ABOUT US



ABOUT US
We are from Cornwall, England.
We love to travel and to explore places in a campervan. We find
wide open spaces exhilarating
and do lots of walking. Show us an accessible hill or mountain and we want to go up it.
We like watching birds but are not twitchers. To be honest Lawson is more into bird spotting than me but what I find amazing

is the diversity of birdlife, and the fact birds of all sizes continue to live side by side with us humans. So, in the course of our explorations
we may make a detour to the local dump because more often than not it will be one of the best places to see birds.
We are sure New Zealand will not disappoint us when it comes to birds but what about other wildlife and natural wonders?
Will we encounter anything to beat the sight of polar bears on sea ice at the North Pole?
And what will we think of the house at Paraparaumu that Ron and Vivien have built? All will be revealed.......


Thursday, 27 March 2014

Coromandel Peninsula 1

We wanted to do at least one more challenging walk before we had to leave New Zealand, and The Rough Guide indicated that there was a good one in the Coromandel Forest Park, to a high point called 'The Pinnacles'.
We had been able to buy a leaflet giving more details of this walk, and others in the Park, at the information centre in Waihi.

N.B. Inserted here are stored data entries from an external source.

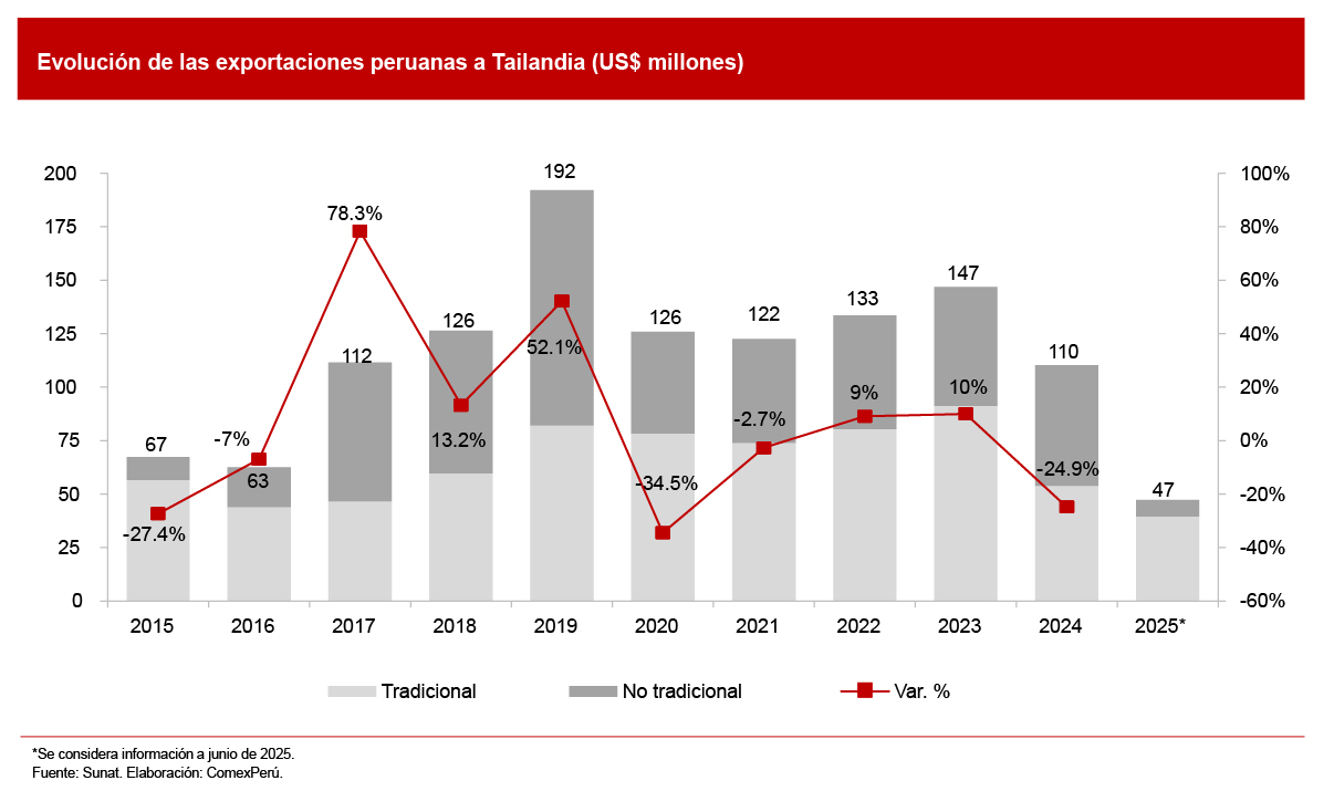 De acuerdo con cifras de la Sunat, el intercambio comercial con Tailandia en el periodo enero-junio de 2025 sumó US$ 394.8 millones, lo que evidenció un crecimiento del 30.5% con respecto al mismo periodo del año anterior.
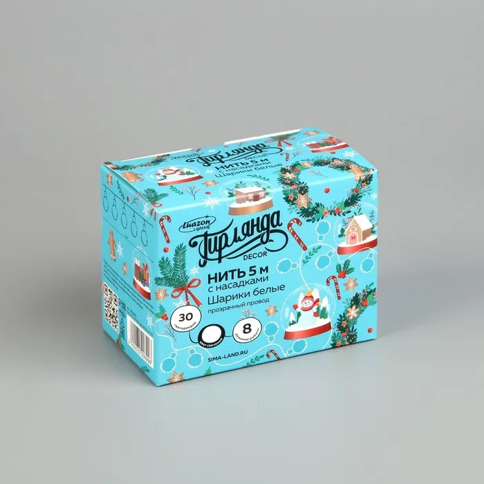 Гирлянда «Нить» 5 м с насадками «Шарики белые», IP20, прозрачная нить, 30 LED, свечение белое, 8 режимов, 220 В — Характеристики
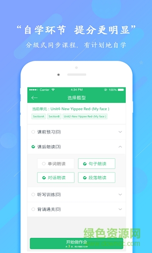 2.作业支持课前预习、课后朗读、听写训练、背诵通关分级学习。每个学习阶段都设置了明确的目标和奖励机制,激发学生的学习兴趣和动力,让英语学习不再枯燥乏味。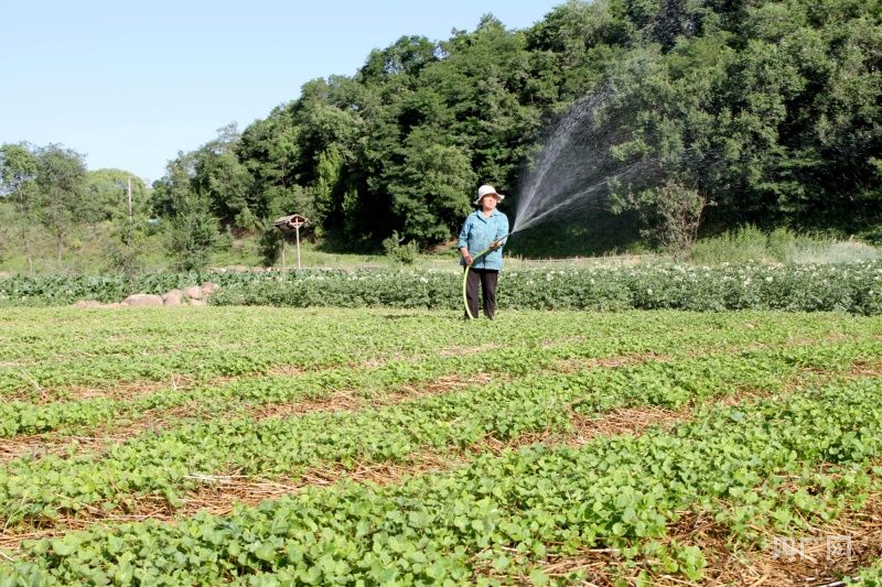 马峡镇药农正在管护药苗(央广网发 张小兵 摄)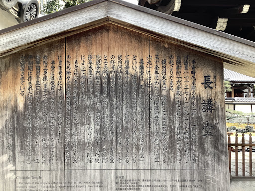 長講堂: もと後白河法皇(ごしらかわほうおう)が仙洞(せんとう)御所に営まれた持仏堂で、正式名を「法華長講弥陀三昧堂(ほっけちょうこうみださんまいどう)」といい、法華経を永遠に讃し、阿弥陀仏を念じて三昧境に入る道場という意味である。寿永2年(1183)、法皇が六條西洞院の平業忠(なりただ)の邸に移られたので、この堂もそこに移建され六条長講堂とよんだ。法皇は多くの所領を寄進したが、これが史上に有名な長講堂領で、法皇の崩後、皇女宣陽門院覲子(きんし)内親王に継がれて以来、いわゆる持明院統によって相続された。 再三の火災のため転々と寺地を変え、天正6年(1578)に現在地に移った。現在、粟生光明寺(あおうこうみょうじ)の所轄する西山浄土宗(せいざんじょうどしゅう)に属する。後白河法皇の臨終仏(りんじゅうぶつ)である本尊阿弥陀如来及両脇侍(りょうわきじ)像と御影堂(みえいどう)に安置する後白河法皇木像はともに重要文化財に指定されている。 (京都観光NAVIより) Chokodo:

It described mostly well structured paths but steep climbs and, at the final stage, climbing steel ladders and scrambling over rocks. I knew that I wanted to do it but also wondered whether this one would be my undoing.
The first problem was to find somewhere to spend the night as close as possible to the start of the walk which would take most of the day. We considered staying in a commercial site in Thames, just outside the Park, but then decided to investigate the DoC sites within the Park boundaries.
The tarmac road soon ran out and poor old Tim was once again rattling and jolting over gravel. And once again dust rose and found its way through every join and seal of the van. We kept going to the very end of the road to the remote site that was closest to our starting point. It was a grassy space enclosed by trees, next to a river. A group of campers in tents and a small camper van were already there. Apart from the river water the only facility was a wooden long drop toilet in a shed, which was composting well; the only smell was of the timber of the shed. We just had time to brush some of the dust out of Tim before it got dark.
Later in the evening Lawson paid a visit to the shed and came back saying he'd found a possum. We'd seen plenty of dead ones on the roads but not a live one in spite of the fact there are supposed to be millions of them munching way at tons of vegetation every night. Well, all I can say is that there was no possum when I got there. I suppose I must give Lawson the benefit of the doubt and believe that he saw this animal, 'clinging to the tree and making a lot of noise', he said. He'd only had one Tui beer that evening.